**Work request:** Among the entries below, extract exactly the lines that run from the one with "AYŞE MELEK TASARIM" through the one with "高档小篆体古意汉风《长乐未央》银99纯银手镯喜如足镯 喜9竹原创", both ends included.
Data shown START
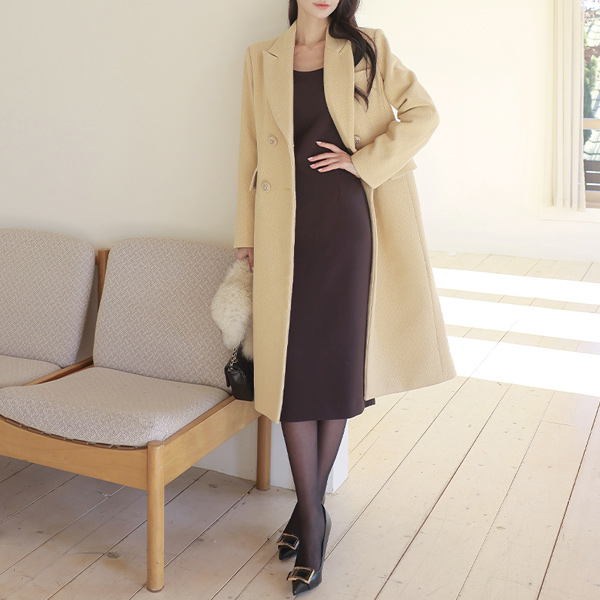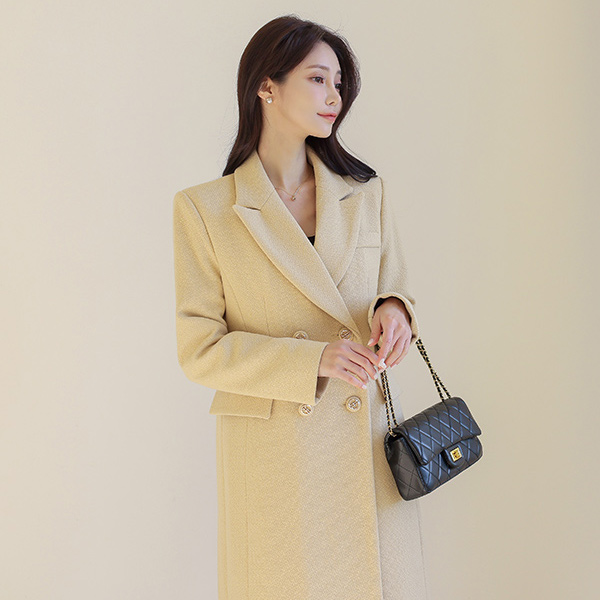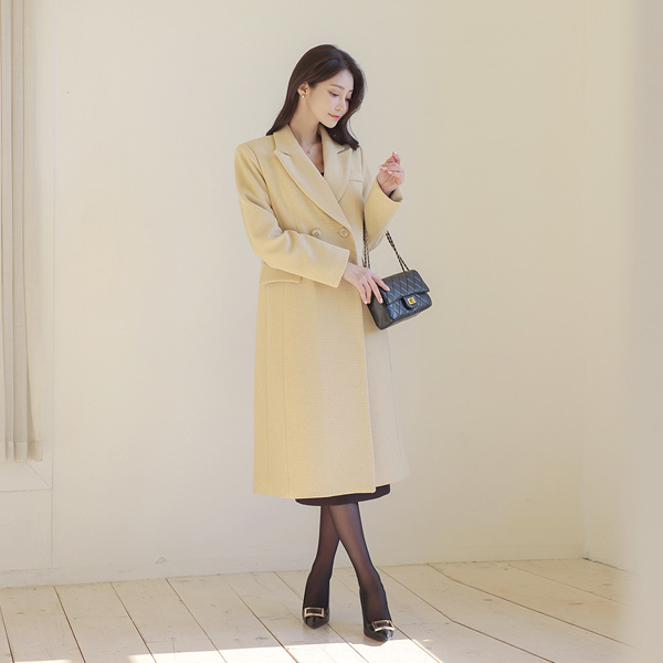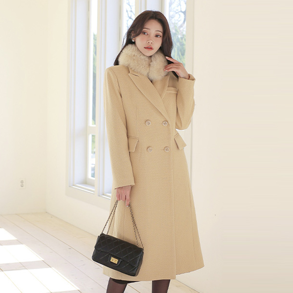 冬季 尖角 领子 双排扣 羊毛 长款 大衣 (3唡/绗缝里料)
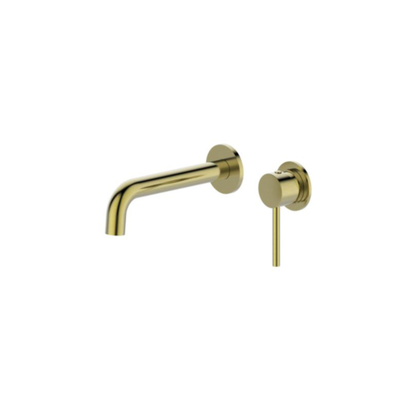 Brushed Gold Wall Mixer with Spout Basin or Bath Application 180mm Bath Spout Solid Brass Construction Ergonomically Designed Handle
Data shown END
Data shown START
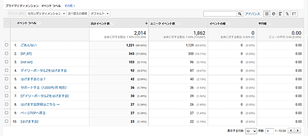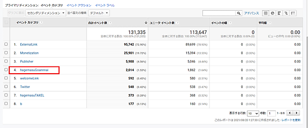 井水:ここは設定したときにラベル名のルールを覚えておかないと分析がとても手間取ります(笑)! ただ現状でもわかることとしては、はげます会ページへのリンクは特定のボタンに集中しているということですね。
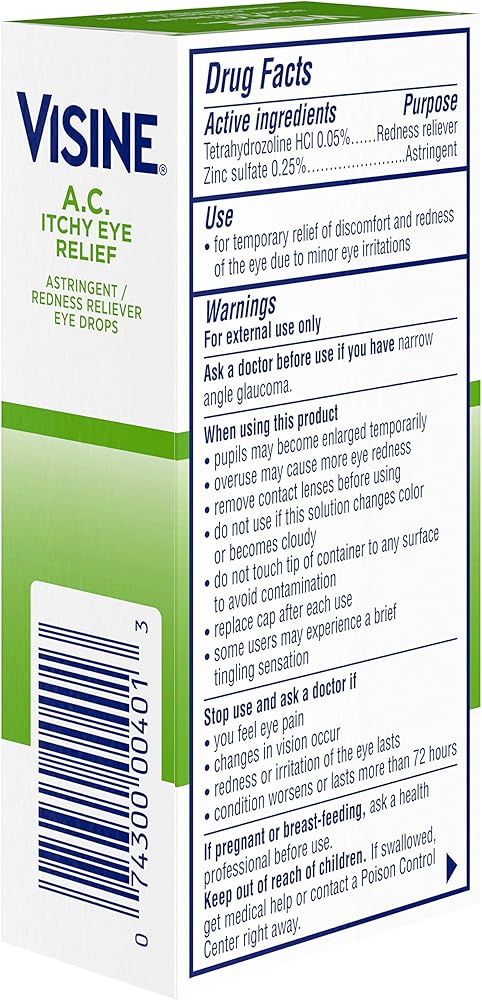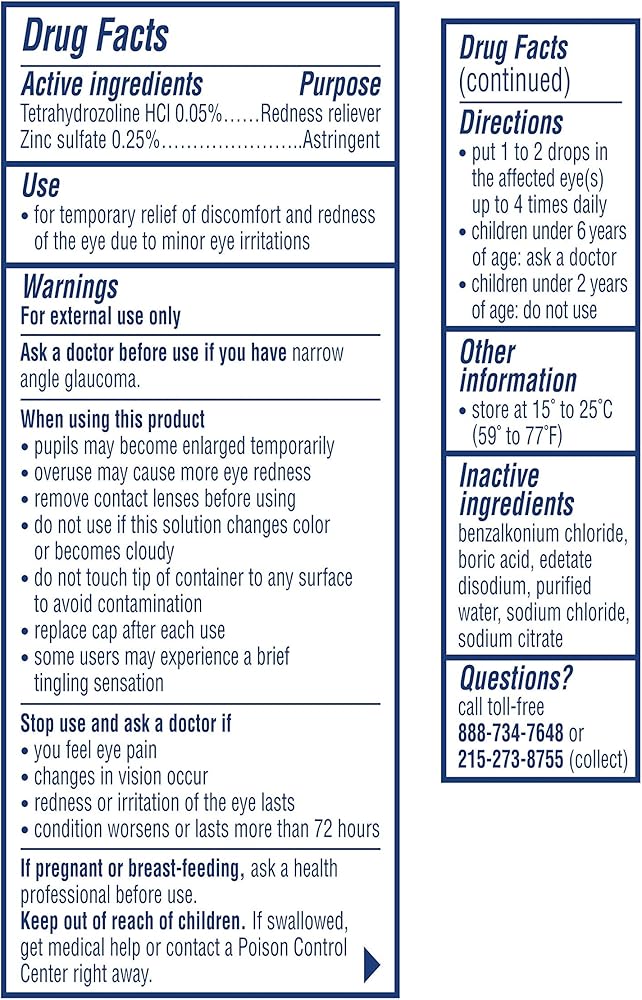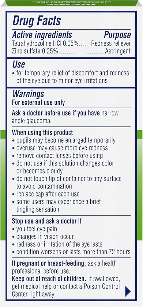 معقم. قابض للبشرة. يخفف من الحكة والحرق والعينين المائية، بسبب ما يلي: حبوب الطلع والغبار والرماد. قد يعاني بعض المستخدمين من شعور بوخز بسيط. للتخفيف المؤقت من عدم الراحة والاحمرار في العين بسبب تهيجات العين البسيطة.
Data shown END
Data shown START
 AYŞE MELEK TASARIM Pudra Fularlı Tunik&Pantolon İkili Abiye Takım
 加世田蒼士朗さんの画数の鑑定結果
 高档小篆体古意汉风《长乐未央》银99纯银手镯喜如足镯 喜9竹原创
Data shown END
**Task output:**
 AYŞE MELEK TASARIM Pudra Fularlı Tunik&Pantolon İkili Abiye Takım
 加世田蒼士朗さんの画数の鑑定結果
 高档小篆体古意汉风《长乐未央》银99纯银手镯喜如足镯 喜9竹原创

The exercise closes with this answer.